Friday, June 21, 2013

Still life painted together with children

It's been three or four years since I brought my father-in-law's memorial service from LA, but I still don't adjust and I'm flustered when anniversary of one's death approaches.

Even if I do not believe in religion, have doubts about the necessity of worshipping. However, I brought the memorial service to New York to please mother-in-law, who is far away from me and cannot do well.

Why do busy things happen on every sacrifice day? This service coincided with Saturday. I have to go dancing class in the evening. "Is it more important to dance than my father's sacrifice?" "The ritual is more important.” I answered my husband kindly, but I called my mother-in-law as I was not sure. "You can do it any time the day before." I decided to do early because I was busy.

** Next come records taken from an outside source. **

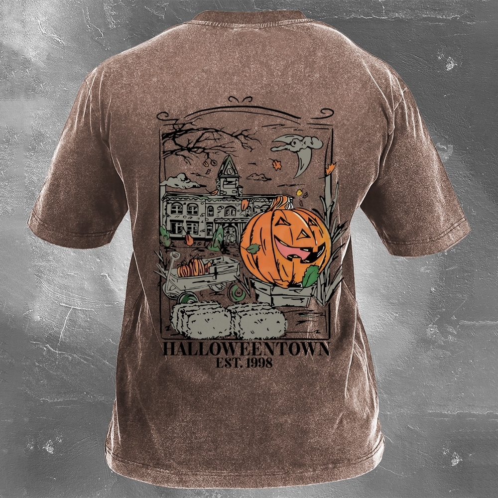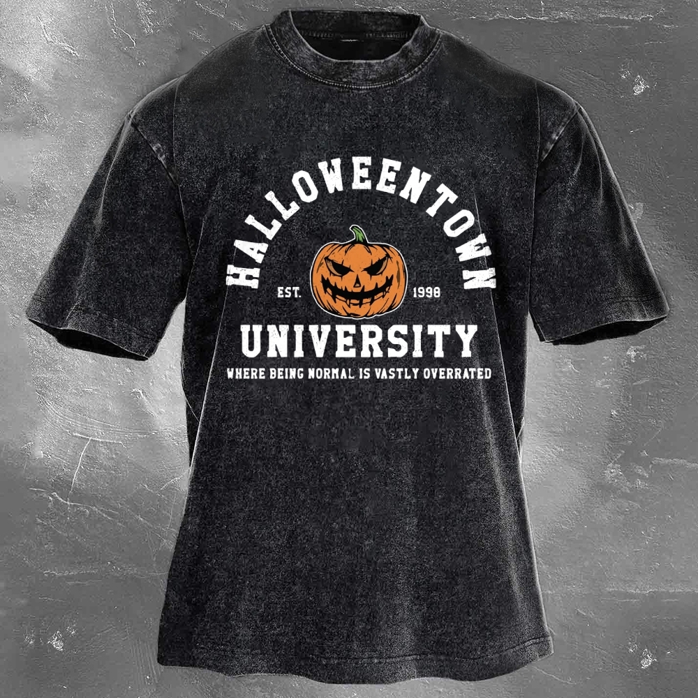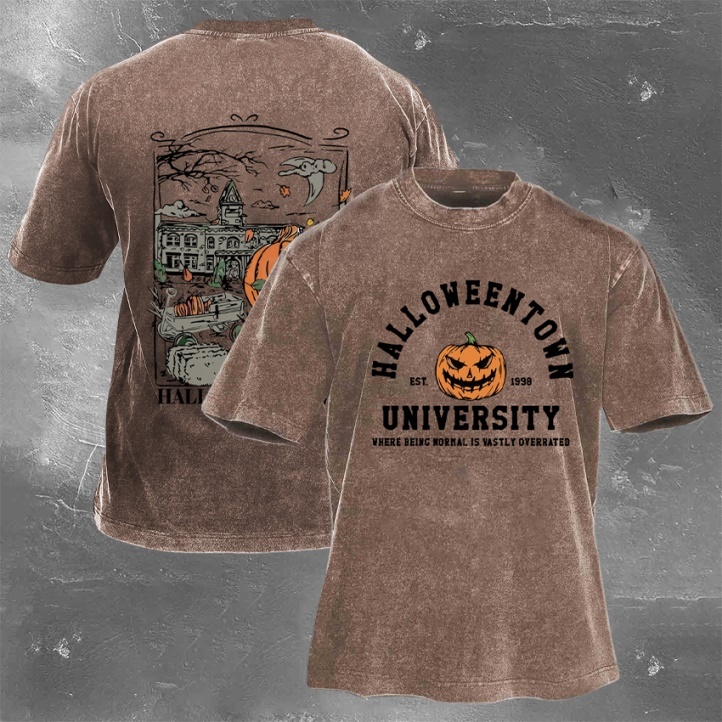 Halloween Pattern Printed Washed Retro Casual T-Shirt 12
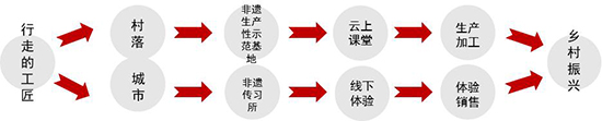 我們的工匠行走在村落和城市之間,在村落建設非遺生產性示范基地,在城市開辟非遺傳習所,通過云上課堂和線下體驗相結合的方式,由村落的手藝人生產加工原材料體驗包,在城市開展體驗銷售,現已建有10個合作社24個民族手工藝品生產直播課,并納入包括上海、江蘇、安徽、浙江四省六地的長三角云視課堂,實現教學資源共享,“行走的工匠”項目進一步擴大了教育的覆蓋面和受眾面。
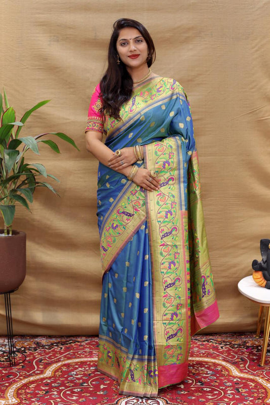 DESCRIPTION Experience the timeless elegance of Paithani Silk Saree with a stunning blouse piece that...
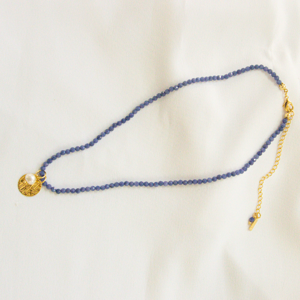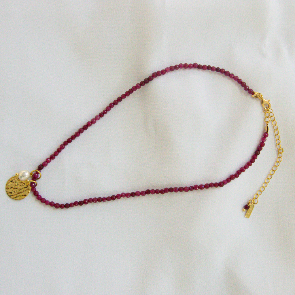 Colar de jade natural com medalha ondulada em banho de ouro 18k e pérola narural barroca.
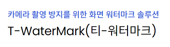 T-Watermark는 화면을 카메라로 촬영하거나 화면 캡쳐 후 불법으로 유출하는 것을 방지해 주는 “PC 화면 워터마크 솔루션”입니다.
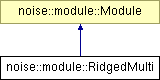 This noise module, heavily based on the Perlin-noise module, generates ridged-multifractal noise. Ridged-multifractal noise is generated in much of the same way as Perlin noise, except the output of each octave is modified by an absolute-value function. Modifying the octave values in this way produces ridge-like formations.
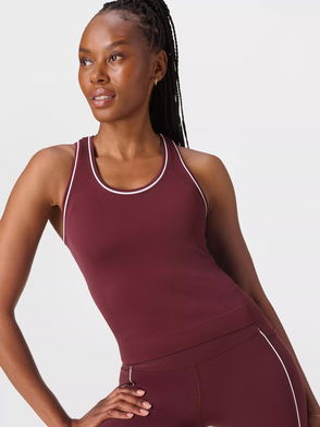 A supportive, seamless workout top. Made from a soft, sweat-wicking and breathable material, it features panelling to the front for shape and structure. Accented with a feminine crossed strap detailing to the back and a built-in bra shelf with removable padding.

With the simple table my father usually liked, I prepared tricolored greens, and fish and soup. The fish was washed and cut, and the younger son put an egg and flour on the fishes. The oldest son fried filleted fishes

I washed the vegetables, and the younger son stir-fried them. The older son, who finished fry, washed the dishes, and the younger son, who finished stir-fry the vegetables, wiped the fruit and put it in the plates. My husband laid canvas cloth on a large table, placed his father's picture in the center, lit candles and burned incense. I prepared something a little more expensive than our usual wine.

Because of that I heard from my father, who held the memorial service several times a year, I ordered the children to "Hongdong White Paper." "Red fruit is to the east the white fruit is to the west," a fine still-life painting on the canvas was set up table. "It's a complete art. Art.' One by one, we put up wine, bowed, and thought of father-in-law.

"Mom, why are we setting a table when grandpa can't even eat?" The children wondered at each rite. How well did grandpa do to you? "At least once a year, think deeply and say, 'Thanks grandpa.' You will not have to hold a memorial service. Mom and dad still have Korean customs and want to do it.”

My father-in-law sent me plane tickets every Christmas, so my family went to LA for the holidays. He used to decorate Christmas trees with his grandchildren and make cookies and give them to neighbors. He helped out with his tuition by turning his retirement fund into his grandchildren's college tuition. The grandfather the children remembered was Santa Claus. "If you have something you want to say to your grandfather, say like 'I'll do my best.'"

Due to the unusually frequent rainwater, the backyard was lush. I scattered the rice, which had been used to put incense in the bronze bowl, and the birds chirp and gather. Are we going back to nature when we die?